So begins a long-planned Holy Land holiday against the backdrop of sirens in the streets, thuds in the sky, and a weary, world-wise nonchalance in Israel’s cafés and on the beach. No one organizes a trip to Israel in the hopes of experiencing two weeks of random bombardments, half-hearted evacuations, and kindergarten nausea. But neither do you cancel your plans to come here just because it might rain rockets.

For the two families on the southbound freeway, this month’s hostilities are distinctly contrapuntal. The Abels fly in from Washington for sightseeing, souvenirs, and sunbathing; our hosts, whom I will call Julia and Levi, have a 20-year-old son very much in harm’s way, a skinny, boyish, rookie combat engineer in the Israeli Defence Force, deployed right on the Gaza border. (Julia and my wife grew up together in Moscow; the former emigrated to Israel twenty years ago.)

If Bibi Netanyahu gives the order to roll into the lion’s den, young “Dov” is going in first to cut the barbed wire.

The day before, we had been there at the family’s home in Herzliya for the lad’s hopefully-not-final goodbye.

“Are you worried about having to fight your way into Gaza?” I asked him.

“Piece of cake,” the khaki-clad string bean replied, shovelling in mom’s famous chicken and rice.

Then Dov shouldered his rifle — “cooooool!” my 9-year-old Lizzie cooed — and we went back to our hotel on the wave-kissed Mediterranean strand, only to be jolted out of bed at midnight by the first air-raid siren ever to blare so far from Gaza.

Israel Abel

Nine-year-old Lizzie Abel with a young Israeli combat engineer before his deployment to the Gaza border last week. Allen Abel/Postmedia News

New at this game, we casually waited for the elevator to the hotel lobby, where we were shooed to the sub-basement and found ourselves joined by a few dozen other confused but certainly not panicked guests in a dusty and low-ceilinged storeroom cluttered with folding tables and baby cots.

Ten minutes later came the all-clear, the return ride to our room, a couple of hours’ sleep and a then a sharp, booming explosion seemingly right outside our window — Israel’s astonishing Iron Dome anti-missile missile system, plucking one of Hamas’s Iranian firecrackers right out of the air like Susan Nattrass shooting skeet.

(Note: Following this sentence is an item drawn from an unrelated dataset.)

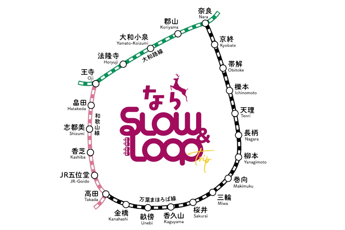 県内を走るJR西日本の路線「万葉まほろば線(桜井線)」 ・「和歌山線」・「大和路線 (関西本線)」が環状構造になっていることに着目し、電車を活用した宿泊・周遊観光を促進する取り組みです。京都・大阪には無い不便さを交えた「奈良らしさ」を楽しんでいただきたいと考え、「ゆったり」、「より深く」、「より広く」県内の魅力ある地域を巡っていただきたいという思いから名付けました。

So now it is the next morning and we are all hightailing it down toward Eilat on the Red Sea, a resort town hugged so tightly by Egypt and Jordan that it never (OK, almost never) is a target of the Gazan nimrods.

The 5-year-old is cleaned up and re-outfitted in record time, we escape the 30-seconds-warning zone without incident, and plunge into the lifeless Negev, checking Levi’s phone every few minutes for the latest updates from the Jerusalem Post:

“Three additional rockets fell in Eshkol Regional Council. Two of the rockets hit structures in a village. One of the structures was a chicken coop. No injuries were reported …

“Iron Dome intercepts rocket over Rehobot …

“The Iron Dome anti-rocket system intercepted one rocket over Beersheba, two others landed in open areas …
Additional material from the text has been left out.